JP2608143B2 - Grain moisture content measuring device - Google Patents

Description

Description: TECHNICAL FIELD The present invention relates to a grain moisture content measuring device for measuring the moisture content of a grain.

[Prior Art] Conventionally, a moisture content measuring device for measuring the moisture content of grains (eg, paddy, brown rice, white rice, wheat, barley, etc.) is known.

This moisture content measurement device includes a pair of electrode rolls (measurement units) that are arranged to face each other and rotate in opposite directions. When grains are supplied between the electrode rolls and the electrode rolls are rotated, the grains are crushed with the rotation. When measuring the water content, a grain is supplied between the electrode rolls to crush the grain and a current is applied between the two electrode rolls, and the electric resistance value of the current flowing between the electrode rolls through the grain is measured. By doing so, the moisture content of the grain is detected.

[Problems to be Solved by the Invention] By the way, in the case of grains having a low water content as a whole and relatively little variation among individual grains (for example, grains after being dried by a dryer or the like), water content is low. In order to increase the efficiency of the rate measurement operation, it is preferable that the moisture content of many grains can be measured at once. On the other hand, for grains having a high water content as a whole and relatively large variations among individual grains (eg, grains immediately after threshing), the mowing time is determined by comparing the moisture content of the individual grains. In addition, it is preferable that the moisture content of a grain can be measured one by one in order to analyze the obtained data after the measurement and use the data to consider the variation in the moisture content.

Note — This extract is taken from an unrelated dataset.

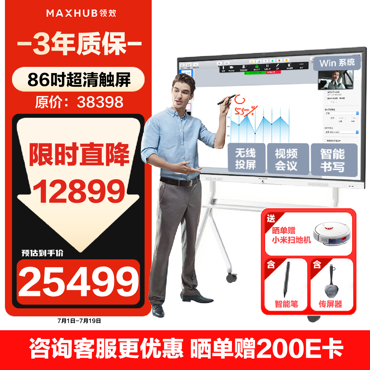 maxhub会议平板新锐Pro86英寸 触摸视频会议电视一体机 投屏电视智慧屏SC86 i5+支架+传屏+笔 商用显示价格:25499.00元!

In this case, if a measuring device capable of measuring the moisture content of many grains at once and a measuring device capable of measuring the moisture content of grains one by one were separately provided, the cost would be high, and the measurement would be required each time. Since the device needs to be replaced, measurement workability is also deteriorated.

In consideration of the above facts, the present invention can selectively use a measurement state in which the moisture content of a large number of grains can be measured at a time and a measurement state in which the moisture content of the grains can be measured one by one as desired. Accordingly, it is an object of the present invention to obtain a grain moisture content measuring device capable of improving measurement workability.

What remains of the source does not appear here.